Driving has long been an indispensable mode of transportation in America and around the world. We drive to work, to buy groceries, and to drop off and pick up our children at school. For many of us, we depend on cars to get us where we are going in most situations. While driving may be a common occurrence in our lives, we all still appreciate the dangers that come with this daily activity. When we think of the hazards of the road, our minds may automatically go to impaired drivers or inclement weather. However, there are other risky behaviors and situations that can turn a quick trip to the store into a dangerous journey.
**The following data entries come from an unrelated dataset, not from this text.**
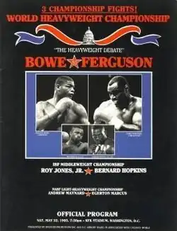 Riddick Bowe vs. Jesse Ferguson, billed as The Heavyweight Debate, was a professional boxing match contested on May 22, 1993, for the WBA and Lineal Heavyweight championships.[1] The fight took place in RFK Stadium in Washington, DC, was Bowe's second defense of the title he had won from Evander Holyfield in November 1992, and was the main event of a card that included a fight between Roy Jones Jr. and Bernard Hopkins for the vacant IBF middleweight championship, which Jones won.
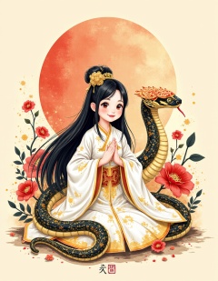 CCNY,chinese ink painting style,splashed ink,line drawing illustrations,2d flat design,anime art,high contrast shadows,strong lines and shapes,This is a girl taken with a full shot,she wearing a white hanfu with intricate gold patterns and designs,New Year's greeting posture with both hands,she has long black hair with a gold flower on her head,She smilling and looking at the camera,Behind her is a cute golden and black snake,It has red patterns on its forehead and It stuck out its red tongue and looking at the camera with round clear eyes,Their bodies is covered in yellow and gold splatters,There are many dark red flowers and dark yellow leaves around them,the background is light yellow,There is a red graffiti arc in the middle of the image,and a large amount of splattered golden and black paint and ink painting like smearing and fluid,
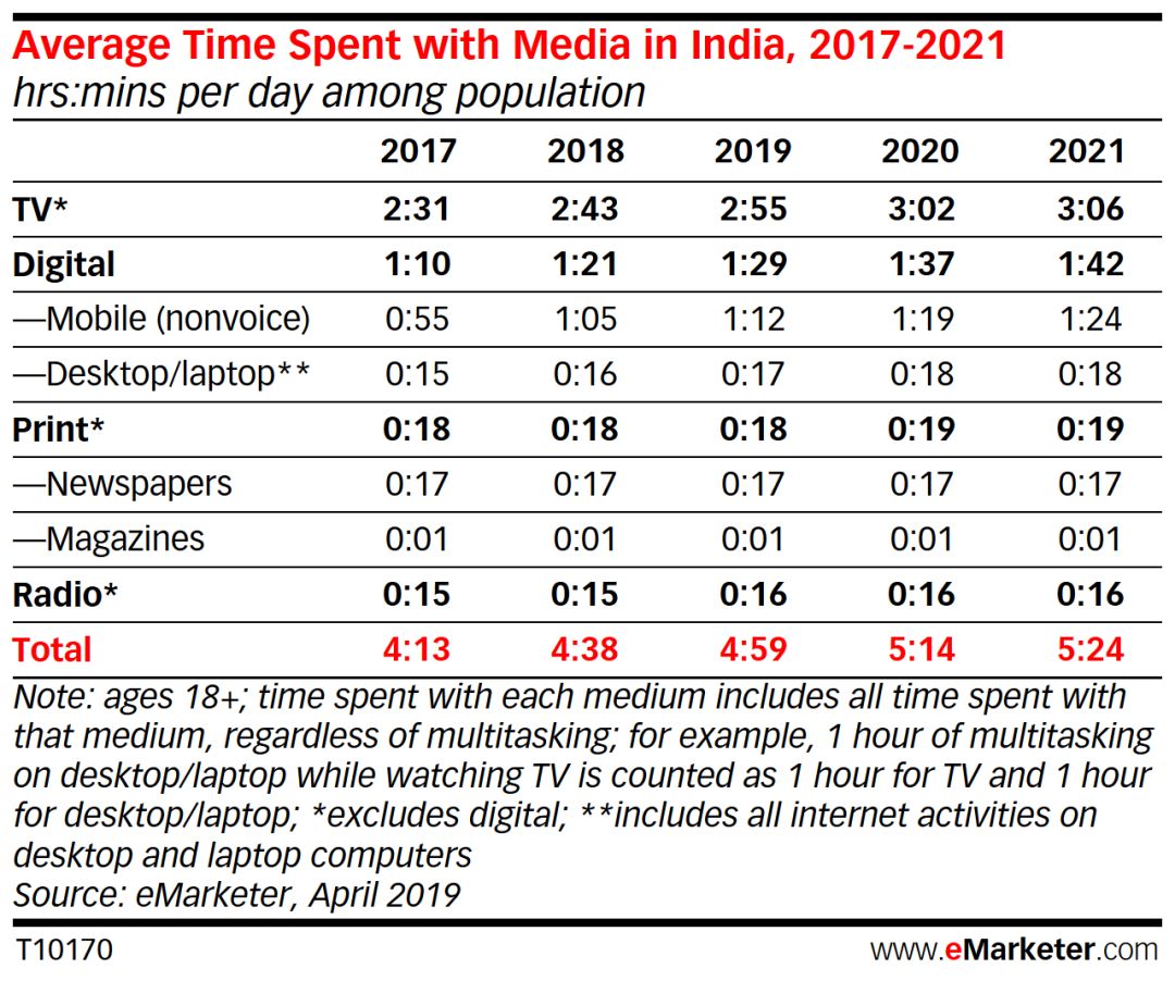 2019年印度日均媒体消费时间仅为4:59,其中数字媒体的增长率最高。与美国或西欧等发达市场的饱和度和稳定趋势不同,印度所有媒体渠道的渗透率和使用时间都会稳步增长。
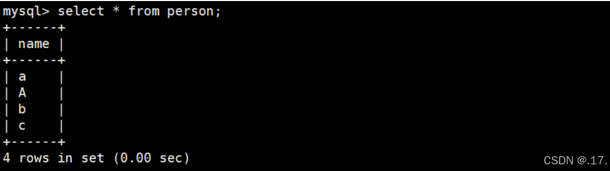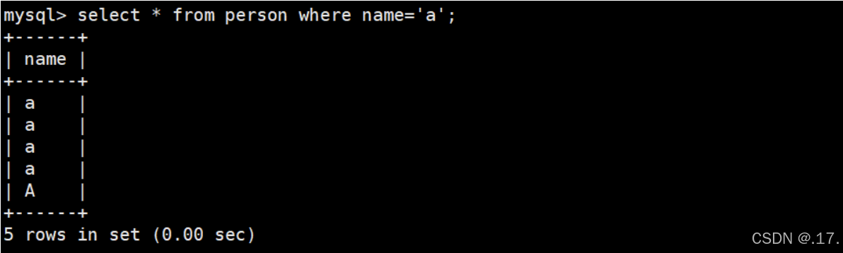 utf8_bin,在这种校验规则下,字符的比较是区分大小写的。 - 大小写不敏感:如
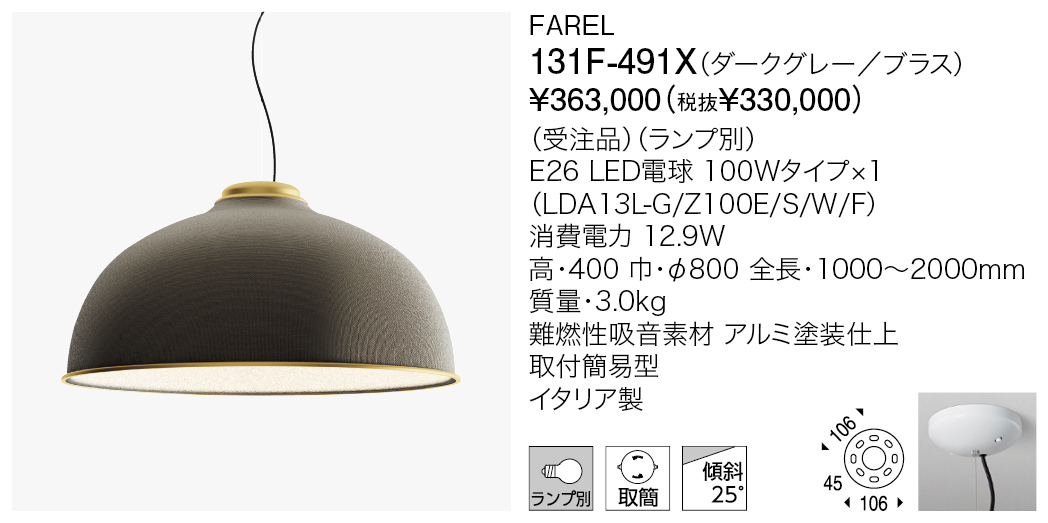 アイコニックなドーム型ペンダントのファレル。ファブリック×メタルの組み合わせで構成され、落ち着いたグレー色をはじめ多彩なカラーラインナップにより様々なインテリアシーンに採用できます。多層素材のファブリックによるセードは吸音効果が期待できるだけでなく、特にオーカー色は海洋ごみから生成された素材を使用するなど、新たな視点で環境に配慮された商品です。
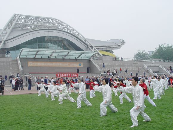 开幕式上,由离退休教职工为主组成的学校太极拳协会表演了太极拳、太极功夫扇,学校木兰拳协会表演了木兰双环操等。
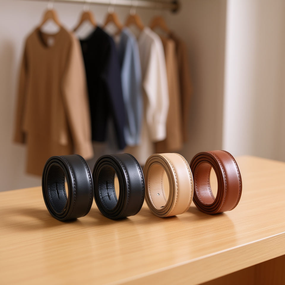 Cintura in Pelle PP con Fibbia Rotonda Effetto Rattan 5Cm
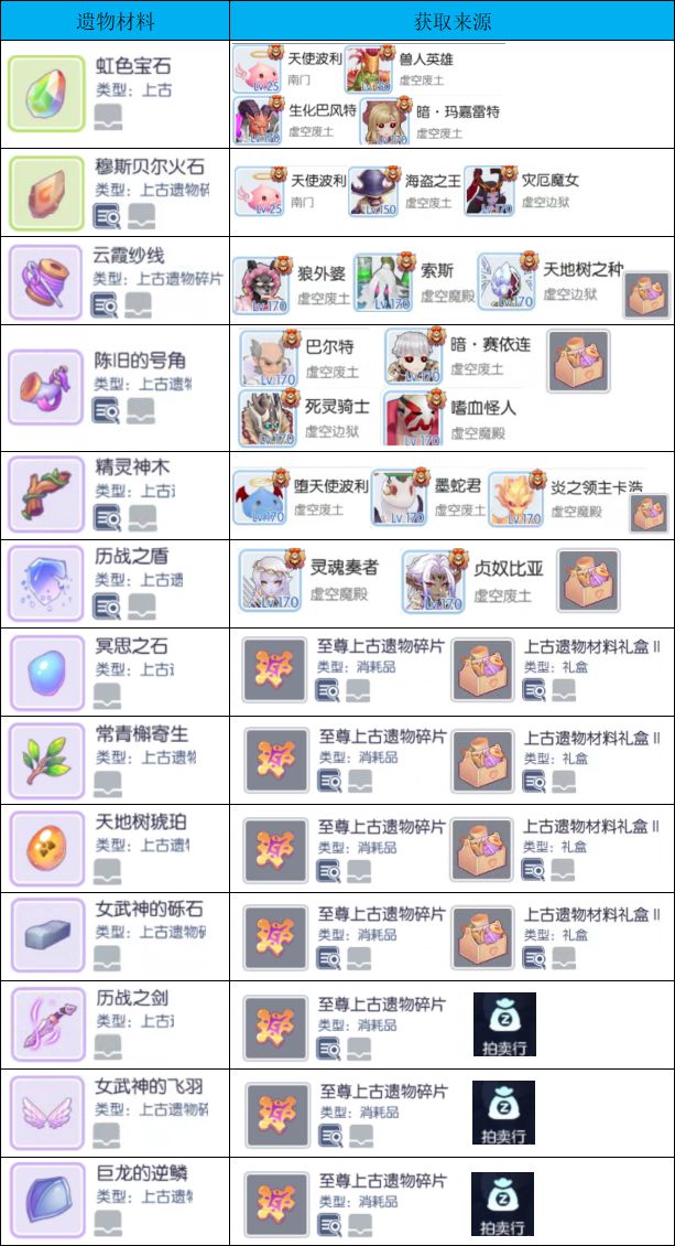 - 第四个材料为纱线、号角、神木、历战之盾,都可以通过虚空mvp获得残片合成、上古遗物结晶商店兑换(每月兑换3个)或者开至尊上古遗物碎片获得,遗物碎片可通过野外mvp(天地树之种、灵魂、章鱼、塔奥、迷梦猫妖和亡灵mvp掉落);其中历战之剑虚空boss和遗物结晶商店均无法获得只能通过开至尊上古遗物碎片和拍卖行获得
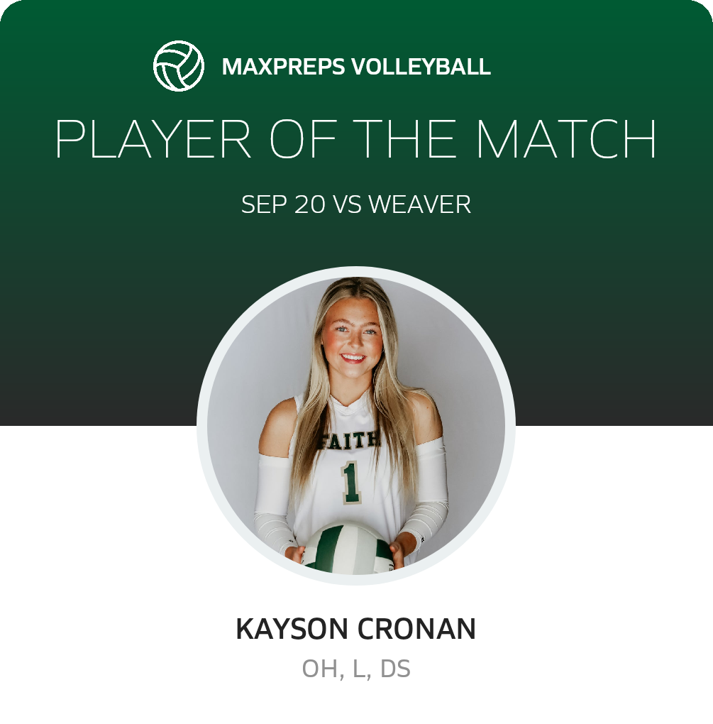 The Faith Christian Lions (Anniston, AL) volleyball knocked off the host Weaver Bearcats (Weaver, AL), 2-0 in Saturday's non-league bout.
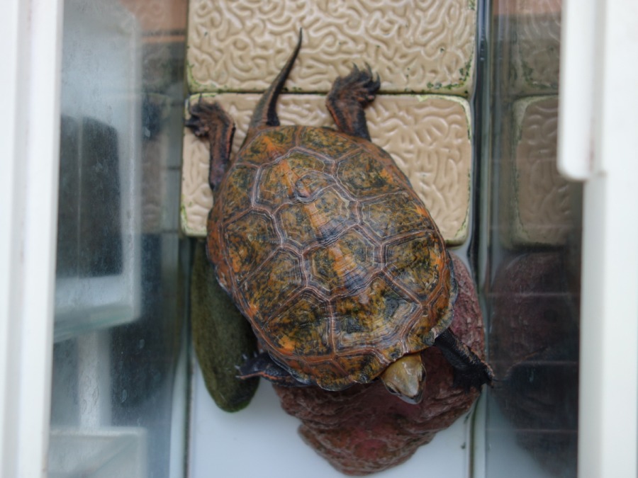 飼育1159日目のニホンイシガメがカメ島の上で甲羅干ししているところ。

Texting while driving is one such behavior, and it has become increasingly common in recent years, especially among teenagers. Distracted driving of any sort can be as deadly as getting behind the wheel after drinking, and this particular form has needed to be addressed for some time. To this end, House Bill 99 was signed into law at the beginning of June. The legislation places a secondary offense on texting while driving. Specifically, the bill bans the use of a handheld electronic communications device to read or write a text-based message while operating a motor vehicle.
There are a few exemptions and special stipulations to House Bill 99. First of all, the legislation allows for the use of these devices in an emergency, for navigation, and for an individual operating a public safety vehicle who uses the gadget in his or her job. Secondly, under the bill, drivers younger than 18 years old are subject to a primary offense for violating the new ban. A first offense for this age group will carry a 60-day license suspension and a $150 fine, and any further offenses will result in a one year license suspension and a $300 fine.
The importance of these measures can be seen in the widespread support for this bill, both within the state legislature and throughout our communities. In the Statehouse, the bill sparked bipartisan collaboration. I myself became a co-sponsor of the legislation because I have seen just how detrimental distracted driving can be. Outside of the General Assembly, House Bill 99 gained the backing of the National Safety Council and AAA, as well as many law enforcement officials and school organizations.
Ohio has now become the 39th state to institute a texting while driving ban. I am proud that we have joined the majority who recognize the dangers of this technology when in the hands of a driver, and I know that it will prove a deterrent to what has too often become a deadly activity.